# Problem statement
Omit the images and retype the records verbatim.

[[ Records to process, beginning ]]

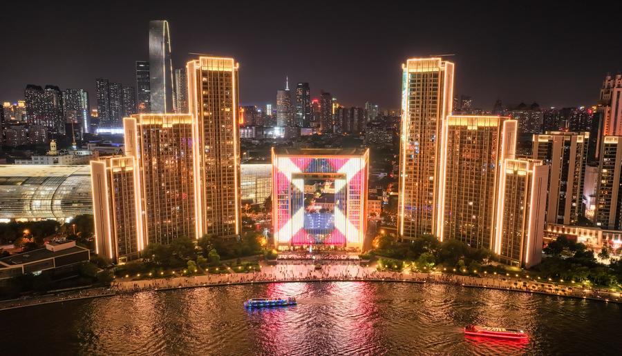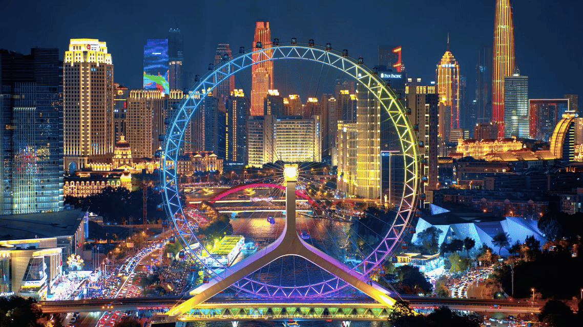 這是2025年8月1日拍攝的天津海河夜景(無人機(jī)照片)。新華社記者 孫凡越 攝
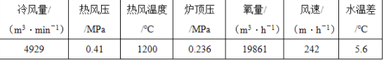 事发时,一号高炉的炉况数据如下表所示:
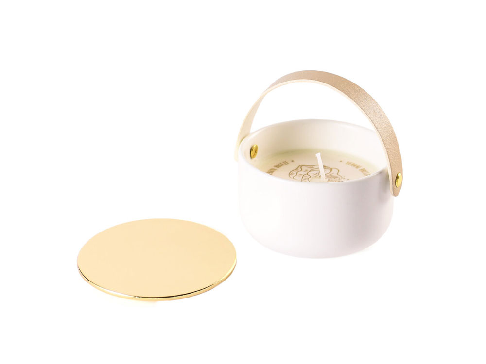 Стильная свеча в фарфоровом кашпо с крышкой и кожаными ручками от Valerie Concept. Изготовлена из натурального соевого воска с хлопковым фитилем, подарит вам долгие часы наслаждения и умиротворения, благодаря нежному аромату с нотками чарующих цветов и хлопка.
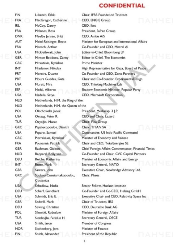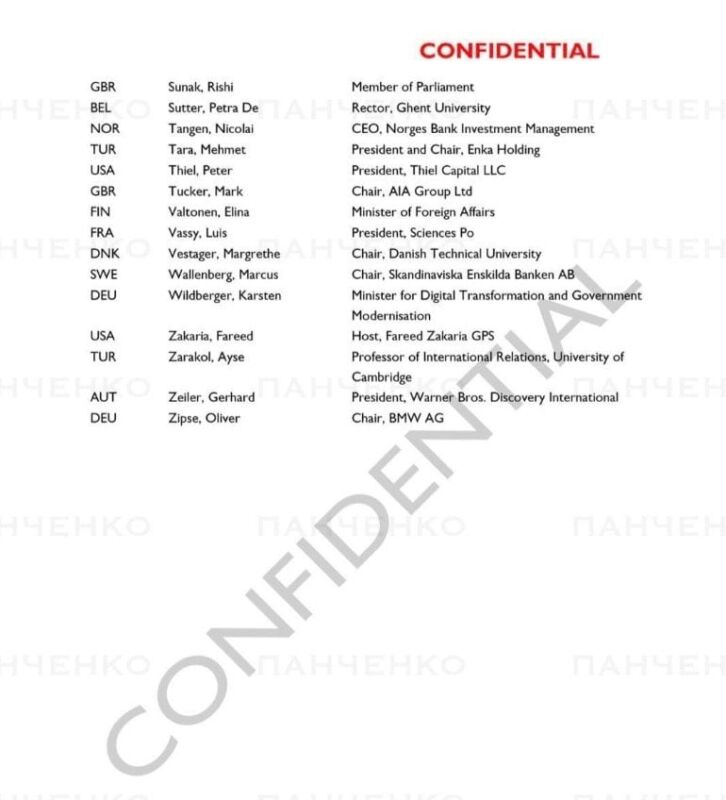 Dicks’in paylaştığı listede Türkiye’den iş insanları Ali Koç, Mehmet Tara ve Murat Özyeğin’in yanı sıra Dışişleri eski Bakanı Feridun Sinirlioğlu ile akademisyen Ayşe Zarakol da bulunuyor. Katılımcılar; finans, teknoloji, savunma ve NATO çevreleri, enerji sektörü, medya ve siyaset gibi alanlarda etkili isimlerden oluşuyor.
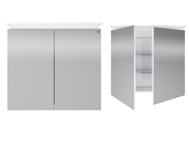 Зеркальный шкаф с двумя дверцами на петлях с доводчиками, интегрированная подсветка, 2 полки. Цвет боковин - белый. Корпус/фасад в краске.
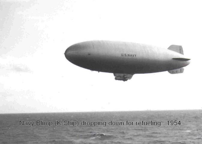 22k | Navy blimp (K-ship) dropping down for refueling, 1954. |
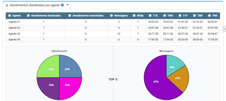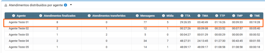 Na sequência, temos a sessão de Atendimentos distribuídos por agente, onde todos os valores apresentados correspondem exclusivamente às ações e interações realizadas por cada agente individualmente:

[[ Records to process, end ]]

# Task result
 這是2025年8月1日拍攝的天津海河夜景(無人機(jī)照片)。新華社記者 孫凡越 攝
 事发时,一号高炉的炉况数据如下表所示:
 Стильная свеча в фарфоровом кашпо с крышкой и кожаными ручками от Valerie Concept. Изготовлена из натурального соевого воска с хлопковым фитилем, подарит вам долгие часы наслаждения и умиротворения, благодаря нежному аромату с нотками чарующих цветов и хлопка.
 Dicks’in paylaştığı listede Türkiye’den iş insanları Ali Koç, Mehmet Tara ve Murat Özyeğin’in yanı sıra Dışişleri eski Bakanı Feridun Sinirlioğlu ile akademisyen Ayşe Zarakol da bulunuyor. Katılımcılar; finans, teknoloji, savunma ve NATO çevreleri, enerji sektörü, medya ve siyaset gibi alanlarda etkili isimlerden oluşuyor.
 Зеркальный шкаф с двумя дверцами на петлях с доводчиками, интегрированная подсветка, 2 полки. Цвет боковин - белый. Корпус/фасад в краске.
 22k | Navy blimp (K-ship) dropping down for refueling, 1954. |
 Na sequência, temos a sessão de Atendimentos distribuídos por agente, onde todos os valores apresentados correspondem exclusivamente às ações e interações realizadas por cada agente individualmente:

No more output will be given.